В ответ пес вилял остатком хвоста и преданно смотрел в глаза своему спасителю.
– Спасителем… нет, не пойдет. У нас один Спаситель. Ты будешь Freund[13] (Фроинд).
К ночи пошел дождь. Крыша хотя и мало, но все же спасала от влаги, как обитателей угла, так и костер, который Роберт аккуратно подпитывал дровами. Он ослаб основательно и от болезни, и от голода. Жар прошел, но слабость была неимоверная. Он бы больше уже не поднимался со своего ложа, если бы не нужно было дрова для костра добывать. А для этого необходимо уходить с каждым разом дальше и приносить их получалось меньше, поскольку саксаулы отдавали их еще менее охотно, и теперь целый ствол Роберту притащить к костру не хватило бы сил, даже если бы он обнаружил свободно лежащий, выкорчеванный. Он и Фроинда приспособил для заготовки дров. Пес оказался на редкость сообразительным, верным и покладистым и не отходил от Роберта ни на шаг, покорно волоча приделанные к нему коряги вслед за своим хозяином. В очередной раз в поисках дров Фроинд остановился у одной норки и принялся лапами разрывать землю, но она оказалась плотной и не поддавалась. Роберт вспомнил, как они с другими мальчишками когда-то вылавливали из нор сусликов, но сейчас октябрь, а может быть, даже ноябрь, они все в спячке. Фроинд наверняка своим собачьим нюхом учуял в этой норе такого суслика. Лужи после дождя были повсюду, и, сходив за своим бидончиком, Роберт принялся за дело. Ему пришлось раз 10–12 ходить от лужи к норе и обратно, при этом он наказал Фроинду сторожить добычу. Наконец его усилия принесли свои плоды – выскочил из норы и попытался удрать один суслик, за ним следом другой. Второго Роберт успел схватить за загривок, а первого настиг Фроинд. Восторг был полный у обоих, они обрадовались добыче несказанно, ведь она спасет их жизни! Свою порцию Фроинд уплел полностью, без остатка, вместе со всеми костями и шкурой. Роберт пристроил бидончик над костром, располовинил своего суслика, сняв предварительно шкуру и выпотрошив внутренности, все это тут же слопал Фроинд. Бросил обе половинки в кипящую воду и принялся ждать. Бульон получился наваристым. Мясо было вкусно, хотя и без соли, но зато на соленой воде из «соры», это было такое наслаждение, снова поесть спустя столько долгих голодных дней. За один раз он все есть не стал, оставил на завтра, хотя голод и не утолил. Ему на память пришли рассказы о голоде тридцатых годов, когда пережившие это время люди, жадно набросившись на еду, умирали от того, что отвыкший от пищи организм не справлялся.

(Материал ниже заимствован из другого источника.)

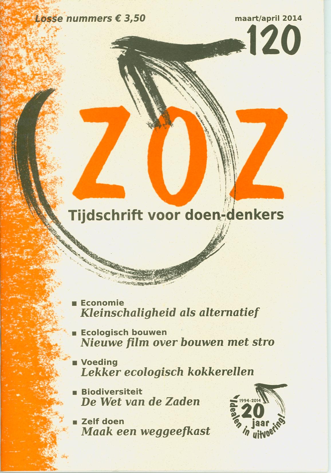 Uitgave: Omslag, werkplaats voor Duurzame Ontwikkeling. Nummer: 120 (maart/april 2014) Verschijnt elke 2 maanden. Een abonnement kost € 15,00 per jaar. ZOZ is een tijdschrift, waarin een groot scala aan onderwerpen besproken wordt. In dit nummer passeert een 25-tal onderwerpen de revue. Dit alles in een tijdschrift van 50 bladzijden. Hierbij komt een aantal vaste onderwerpen aan de orde, zoals de Aktie Agenda, Anders Wonen Anders Leven, Nieuws, Ingezonden brieven, enz. Daarnaast staan er veel artikelen in over een groot scala aan onderwerpen. Daarbij ligt de nadruk op duurzaamheid. U vindt er ook recensies van relevante boeken en films en verslagen van activiteiten, die bij Omslag hebben plaatsgevonden. Als u geïnteresseerd bent in alternatieve leef- en woonvormen, dan vindt u in dit blad hiervan beschrijvingen, bijvoorbeeld in dit nummer staat een stukje over Vereniging VELT, die haar 40-jarig bestaan viert en een verslag van de landelijke ontmoetingsdag voor leden van woongemeenschappen. Verder staan er tips in over hoe u zelf op een duurzamere manier kunt leven. Kortom, het is een zeer interessant tijdschrift voor mensen, die streven naar een andere, duurzamere en humanere wereld. ZIJN EN DOENNieuwjaarsbijeenkomst De opzet voor de eerste bijeenkomst in het nieuwe jaar was duidelijk. Herdenken van het feit dat honderd jaar geleden de 1e w.o. uitbrak en als ander uiterste de nieuwste ontwikkelingen op het gebied van wapentuig: drones, killer robots, zelfdenkende artillerie, etc. (de mens is jammer genoeg altijd goed geweest in het uitvinden van dergelijke spullen). We hadden het programma redelijk vol zitten: presentatie van de stichting “Eindhoven in Beeld” : beeldmateriaal en toelichting op de Nederlandse positie in de 1e w.o. : neutraal maar toch…….. 14.00u: gespreksronde over de 1e wereldoorlog met: Ludo De Brabander, Belgisch journalist/publicist; Leo van Bergen, historicus/polemoloog; Joost Vullings, historicus (Eindhoven in Beeld); Anton Kruft, Stichting Studiecentrum 1e W.O. 14.45u: Baban Kirkuki & Dawud Pirzab: verhalen en gedichten uit Irak en Afghanistan. 16.00u: muzikaal intermezzo door Aid Nrkonjiv 16.30u: informatie van IKV/Pax Christi (Miriam Struyk) over “drones” en de wereldwijde campagne om deze nieuwe vorm van oorlogsvoering onder de aandacht van het publiek te brengen. 17.45u: gemeenschappelijke wereldmaaltijd.

Впервые за много дней он уснул почти здоровым сном и в тепле. Проснувшись, сразу бросил взгляд на свой бидончик. Возле него крутился Фроинд. Крутился – да, но прикоснуться к нему не посмел. Роберт проникся благодарностью к верному псу, ведь даже у обученных животных, когда дело касалось еды, отступали все нормы морали. Нет, завтрак был цел. Роберт подкинул дров в костер и пристроил импровизированную кастрюлю. Насладившись едой, он голову и кости отдал Фроинду, тот их мигом проглотил снова без остатка. Впереди был день, полный надежд на новые охотничьи трофеи. Но труды были и в этот, и в следующие дни напрасны, да и вода либо кончилась в лужах, либо замерзла, вперемешку с грязью. Опять наступал голод, и наш юный герой приуныл. Он решил двигаться. Оставаться на месте – верная гибель. И он пошел. Фроинд по-прежнему не отходил от него ни на шаг. Они спали вместе, согревая друг друга. Тепло они утратили, хотя и брали с собою тлеющую головешку, но огонь в ней оказался не такой долгожитель, как в той, из которой его удалось раздуть. Фроинд где-то раздобыл мертвую вонючую ворону, но Роберт отказался это есть. На очередное голодное утро уже не было сил встать, и они остались лежать до вечера и снова до утра. Роберт погрузился в забытье, сквозь которое услышал неистовый лай собак, где-то далеко-далеко, во сне или наяву, он не мог различить. Вернувшись неохотно «оттуда», обнаружил, что здесь, прямо чуть ли не на нем самом, шла отчаянная борьба не на жизнь, а на смерть. Четыре здоровенных откормленных пса со всех четырех сторон нападали на Фроинда, а тот отчаянно отбивался, стараясь в то же время защитить своего хозяина, в чем нужды в общем-то не было, собаки проявляли свой собачий интерес только к Фроинду. Дела его были плохи, и Роберт хотел броситься в защиту с отчаянными криками, но вместо крика получился слабый стон, да и на ноги подняться сил не хватило. Собак это особо не впечатлило, и они продолжали терзать Фроинда. Наконец, раздался конский топот и всадник окрикнул своих собак. Те неохотно, рыча и скалясь в четыре собачьих пасти, оставили Фроинда в относительном покое. Фроинд пострадал изрядно и, расположившись около своего хозяина, принялся зализывать раны, рыча и скалясь в ответ на собак, которые то и дело порывались в бой, но хозяин держал их под контролем.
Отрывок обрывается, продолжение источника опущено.